Each of them agreed in turn.
"All right, then. Fame and fortune, here we come!"
* * * *
One thing I hadn't counted on was the heat.
I mean, it was quarter to noon, and already it was in the eighties. Most days, that didn't seem so bad, but today? Today I was decked out in a powder blue thrift-store tux over a pair of jeans and a long-sleeved T-shirt, the latter of which were soaked through before I even got off the bus. You shoulda seen the looks the other passengers gave me on the ride over. I confess, I got a little nervous with them staring at me like that—after all, one of ‘em might remember my face! But I told myself the plan was sound, so there was no point wigging now. Not when we were so close. I just hoped I wouldn't collapse from heatstroke before the job was done.
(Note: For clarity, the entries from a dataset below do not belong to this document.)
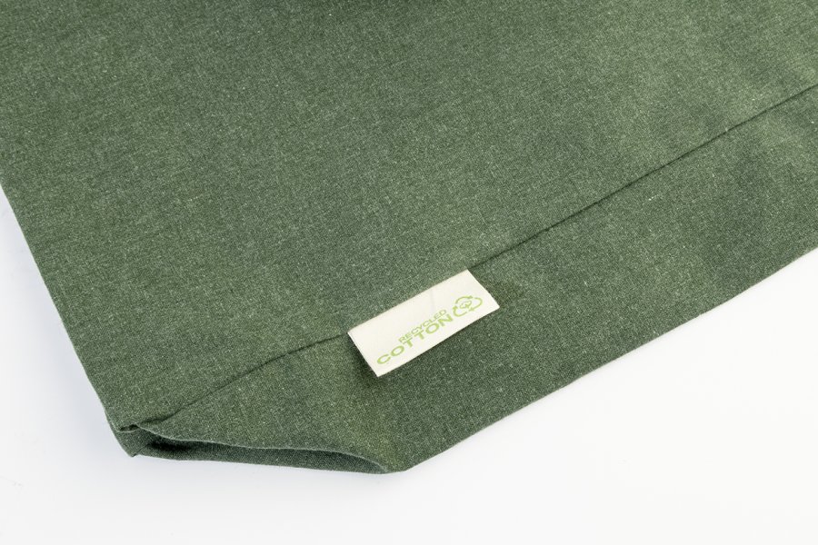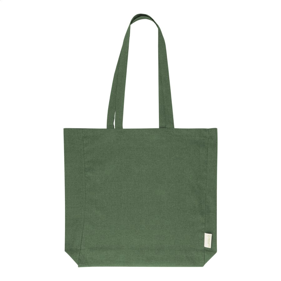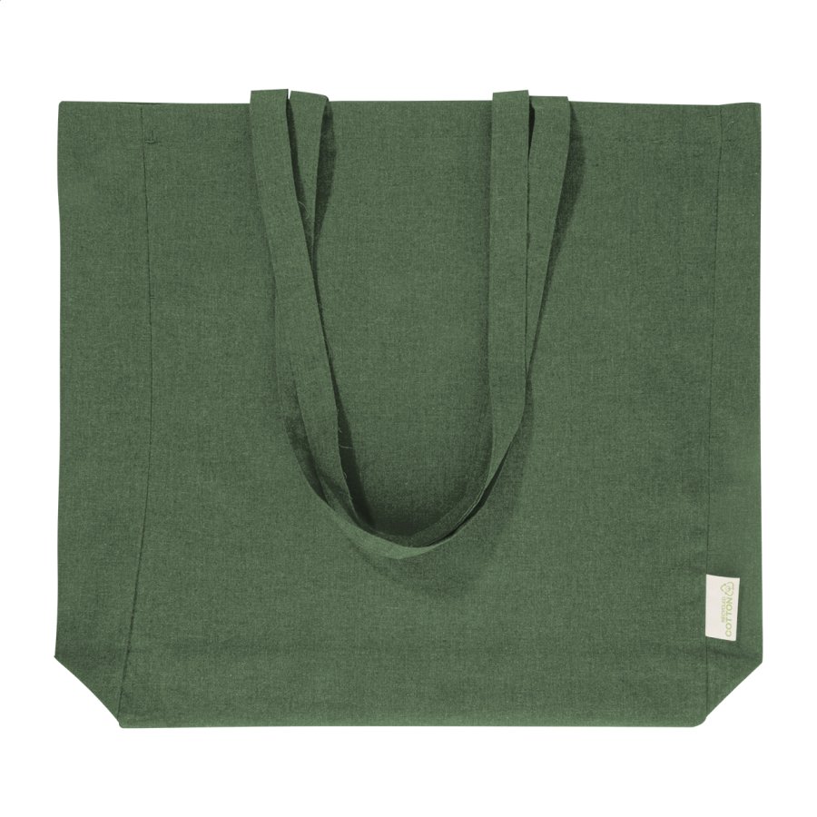 Nákupní taška s klínkem a dlouhými uchy ze 70 % recyklované bavlny a 30 % RPET polyesteru, 140 g/m². S výraznou etiketou o recyklované bavlně.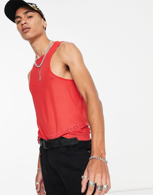 ASOS DESIGN - Débardeur moulant avec dos et devant nageur en tulle - Rouge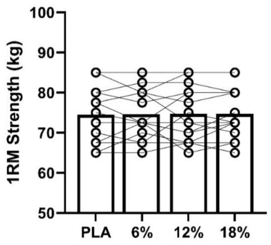 No significant differences in 1-RM were observed between conditions (F3,45 = 0.106, p = 0.95, η2 = 0.01) and showed high ICC (0.94) (Figure 2).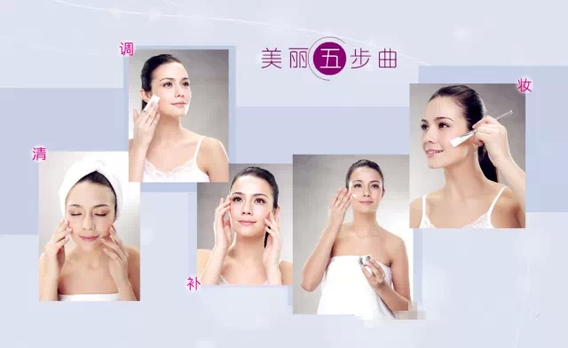 步骤:1.卸妆及清洁2.爽肤3.袪角质4.爽肤5.脸部按摩6.清洗7.爽肤8.上面膜9.清洗10.爽肤11.润肤12.美白防晒隔离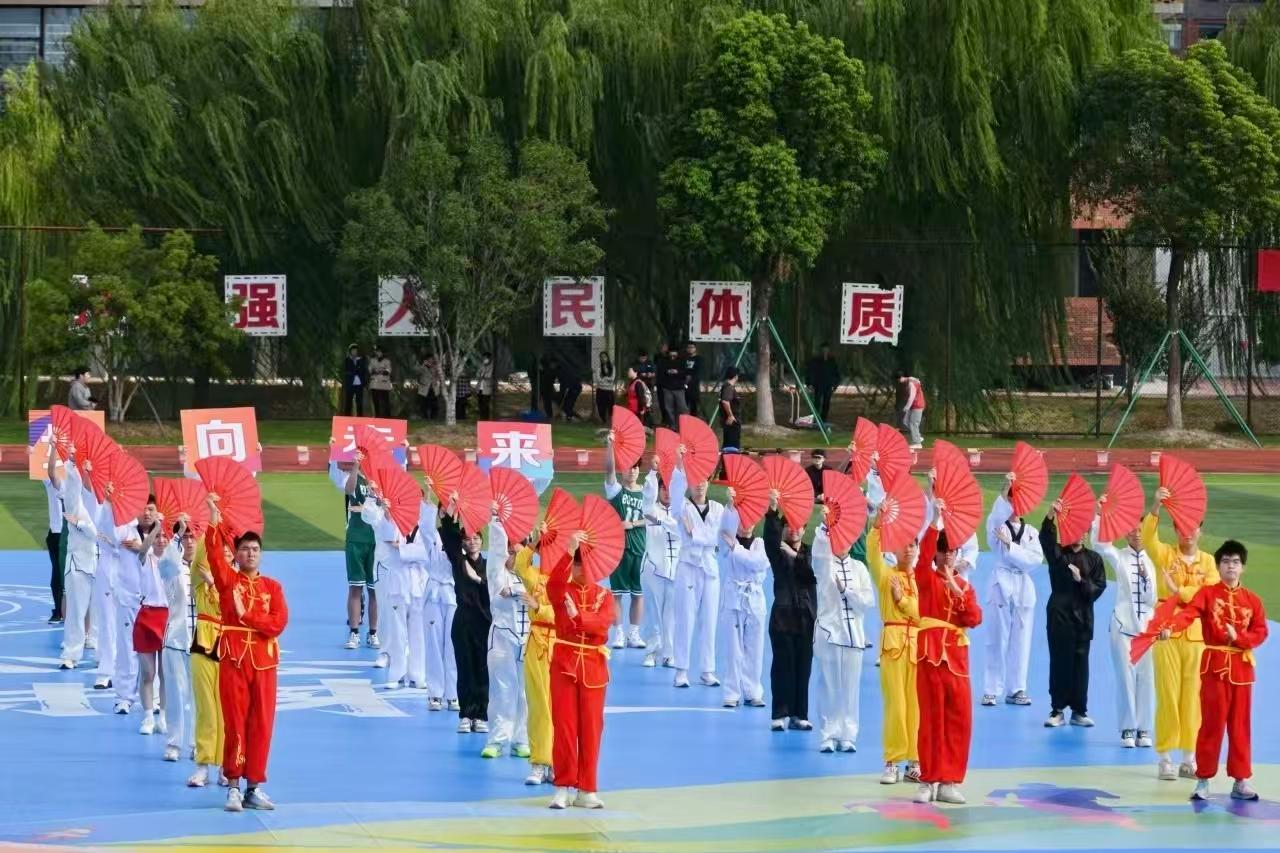 教职工们带来的《雪龙吟》刚柔并济、气势铿锵,他们以扇为笔,书写运动精神,以奋进姿态,诠释责任担当。

"You guys get the stuff?” I asked, tugging absently at my collar, and wiping sweat from my brow with one mothball-scented sleeve. We were once more standing in the alley behind the bank, and my eyes kept darting to the unmarked service entrance just a couple yards away. I was edgy, nervous. My stomach was in knots. My hands were cold and clammy despite the heat.
"Got mine right here,” Pollock said, hefting the two duffel bags in his hands. “They don't shoot or nothing, but they look real enough.” He set the bags down on the Dumpster beside us and unzipped them. Both were chock full of handguns in every shape and size imaginable. Huge Dirty Harry-style revolvers, and little snub-nosed ones as well. Sleek automatics in black and brushed steel. An ornate flintlock pistol with a filigreed handle. A couple chromed-out ray guns.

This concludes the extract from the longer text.